Reputation: 865
I'm working with some CSVs in NiFi and my pipeline is producing some duplicates. As a result, I'd like to use the DetectDuplicate
processor, but in order to do this I need to have some attribute that it can compare against to detect duplication. I have an ExtractText processor, and I'd like to use regex to get the value in the SHA1_BASE16
column.
I tried the following regex string (suggested by a friend, I don't totally understand it) on the CSV below but highlighted the incorrect fields and some extraneous stuff. How can I get it to capture only the SHA1_BASE16
value?
RegEx
^[^,]*,[^,]*,[^,]*,[^,]*,[^,]*,([^,]*),[^,]*,[^,]*,[^,]*,[^,]*,[^,]*,([^,]*),[^,]*,[^,]*,([^,]*)\S*
CSV
"USER_JID","CREATED_AT","UPLOAD_TIME","SHA1_BASE32","SHA1_BASE16","HASH_SOURCE","MESSAGE_TYPE","IPV4"
"dreynolds","1932/04/01 20:23:35 UTC","2016/12/28 20:23:11 UTC","72F20077A79A0D4D90F4C0669FB6EA4BC5953293","FB1D928B83DEBCD2B2E53DF4C8D4C2AF99EB81E0","HOLLYWOOD","TWITTER","123.123.123.123"
Actual Output
Match 1
Full match 0-291 "USER_JID","CREATED_AT","UPLOAD_TIME","SHA1_BASE32","SHA1_BASE16","HASH_SOURCE","MESSAGE_TYPE","IPV4...
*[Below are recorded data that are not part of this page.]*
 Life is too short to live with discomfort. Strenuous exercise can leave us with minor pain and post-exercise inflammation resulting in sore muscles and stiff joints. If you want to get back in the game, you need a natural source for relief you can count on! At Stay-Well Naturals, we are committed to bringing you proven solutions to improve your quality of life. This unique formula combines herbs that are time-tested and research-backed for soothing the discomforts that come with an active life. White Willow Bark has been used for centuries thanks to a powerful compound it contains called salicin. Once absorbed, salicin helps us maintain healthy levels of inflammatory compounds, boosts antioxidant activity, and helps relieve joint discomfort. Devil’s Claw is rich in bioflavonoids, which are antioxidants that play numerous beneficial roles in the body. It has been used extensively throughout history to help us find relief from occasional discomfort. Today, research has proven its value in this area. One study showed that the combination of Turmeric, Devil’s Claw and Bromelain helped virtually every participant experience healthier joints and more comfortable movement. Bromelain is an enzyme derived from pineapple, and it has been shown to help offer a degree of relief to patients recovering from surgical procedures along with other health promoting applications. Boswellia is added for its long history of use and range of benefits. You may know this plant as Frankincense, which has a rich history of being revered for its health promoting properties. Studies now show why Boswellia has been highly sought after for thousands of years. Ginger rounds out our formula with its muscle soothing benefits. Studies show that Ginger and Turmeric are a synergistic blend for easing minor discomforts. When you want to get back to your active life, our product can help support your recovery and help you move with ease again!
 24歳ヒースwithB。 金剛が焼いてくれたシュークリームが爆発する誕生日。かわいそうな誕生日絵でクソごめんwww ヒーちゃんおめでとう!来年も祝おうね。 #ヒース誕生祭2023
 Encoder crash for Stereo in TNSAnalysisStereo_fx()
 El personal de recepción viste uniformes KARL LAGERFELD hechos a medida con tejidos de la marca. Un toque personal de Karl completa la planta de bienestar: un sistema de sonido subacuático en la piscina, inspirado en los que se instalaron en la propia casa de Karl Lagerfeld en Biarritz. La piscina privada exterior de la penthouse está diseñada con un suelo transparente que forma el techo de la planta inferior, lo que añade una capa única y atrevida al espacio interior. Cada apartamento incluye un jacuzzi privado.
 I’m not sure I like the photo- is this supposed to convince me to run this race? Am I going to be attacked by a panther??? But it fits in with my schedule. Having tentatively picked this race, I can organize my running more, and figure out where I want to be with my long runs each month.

Group 1. 66-79 "HASH_SOURCE"
Group 2. 209-251 "FB1D928B83DEBCD2B2E53DF4C8D4C2AF99EB81E0"
Group 3. 274-291 "123.123.123.123"
Expected Output
Match 1
Full match 0-291 "USER_JID","CREATED_AT","UPLOAD_TIME","SHA1_BASE32","SHA1_BASE16","HASH_SOURCE","MESSAGE_TYPE","IPV4...
Group 1. 209-251 "FB1D928B83DEBCD2B2E53DF4C8D4C2AF99EB81E0"
Upvotes: 0
Views: 2037
Reputation: 12083
Alternatively, you can use PartitionRecord to split the records into flow files where each record has the same value for the partition field (in this case SHA1_BASE16
). It will also set an attribute on the flow file for the partition value, which you can then use in DetectDuplicate.
For high cardinality fields (ones that won't have many duplicates), you may see a performance hit since there could be a single row in each outgoing flow file, so for a large number of rows, you'll get a large number of flow files. Having said that, rather than DetectDuplicate downstream you could instead RouteOnAttribute where record.count
> 1. That removes the need for a DistributedMapCache.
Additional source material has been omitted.